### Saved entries
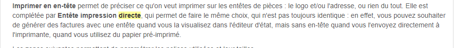 Et question subsidiaire, a quel endroit au moment de l'impression, j'indique si c'est un papier blanc ou pré-imprimé ? Plus simplement l'aperçu avant impression devrait permettre de désactiver entête et bas de page plutôt que de le faire dans paramétrage ?
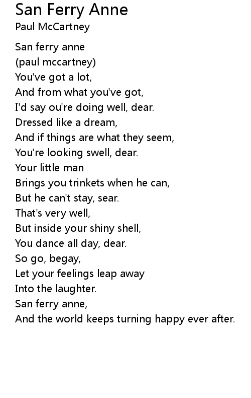 | Song | San Ferry Anne |
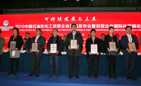 11月26日,由中國石油和化學工業聯合會中小企業工作委員會主辦的2016中國石油和化工民營企業百強發布會暨民營企業國際化發展論壇在山東臨沂召開。會上,中國石油和化學工業聯合會會長李壽生為獲獎的百強企業代表頒獎,中國石油和化學工業聯合會中小企業工作委員會秘書長王靜敏發布2016中國石油和化工民營企業百強報告,我公司位列第七名。
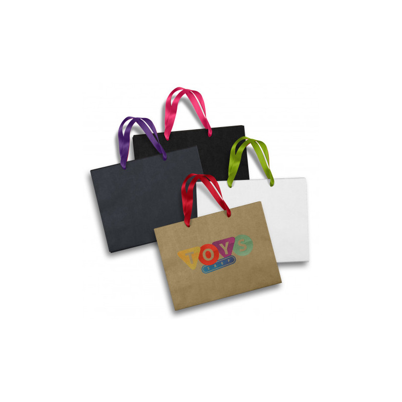 Medium-sized carry bag made from 180gsm FSC-certified materials with coloured ribbon handles. The gusset and top edge are reinforced for added strength.
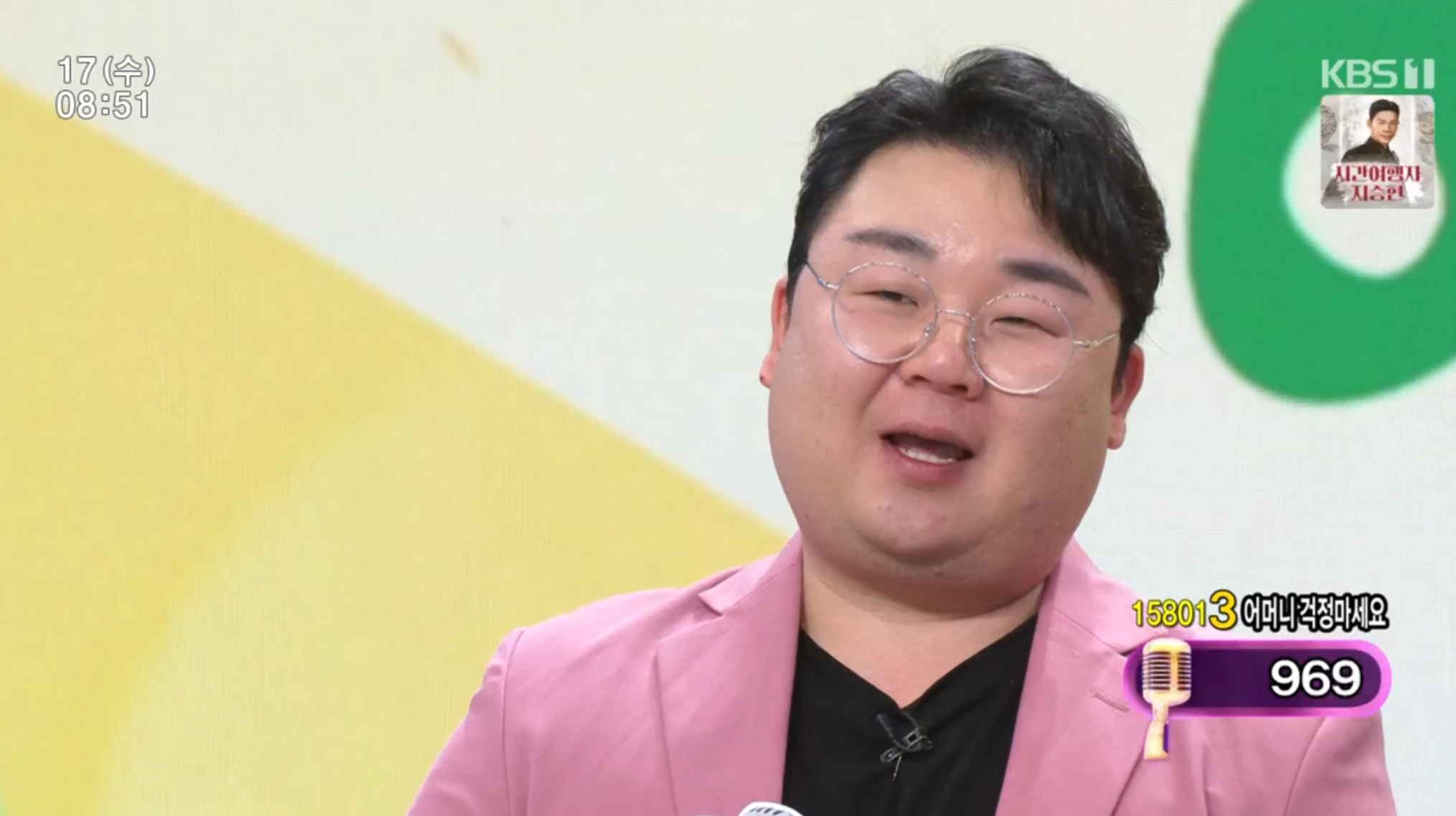 KBS1 아침마당 12월 17일 수요일 도전 꿈의 무대에는 김현민, 미스김, 민지홍, 신명난, 윤준협이 출연했습니다. 초대가수이자 패널로는 출연했습니다.

### Task instructions
Every entry above needs to be printed again exactly, with its pictures left out.

### Task solution
 Et question subsidiaire, a quel endroit au moment de l'impression, j'indique si c'est un papier blanc ou pré-imprimé ? Plus simplement l'aperçu avant impression devrait permettre de désactiver entête et bas de page plutôt que de le faire dans paramétrage ?
 | Song | San Ferry Anne |
 11月26日,由中國石油和化學工業聯合會中小企業工作委員會主辦的2016中國石油和化工民營企業百強發布會暨民營企業國際化發展論壇在山東臨沂召開。會上,中國石油和化學工業聯合會會長李壽生為獲獎的百強企業代表頒獎,中國石油和化學工業聯合會中小企業工作委員會秘書長王靜敏發布2016中國石油和化工民營企業百強報告,我公司位列第七名。
 Medium-sized carry bag made from 180gsm FSC-certified materials with coloured ribbon handles. The gusset and top edge are reinforced for added strength.
 KBS1 아침마당 12월 17일 수요일 도전 꿈의 무대에는 김현민, 미스김, 민지홍, 신명난, 윤준협이 출연했습니다. 초대가수이자 패널로는 출연했습니다.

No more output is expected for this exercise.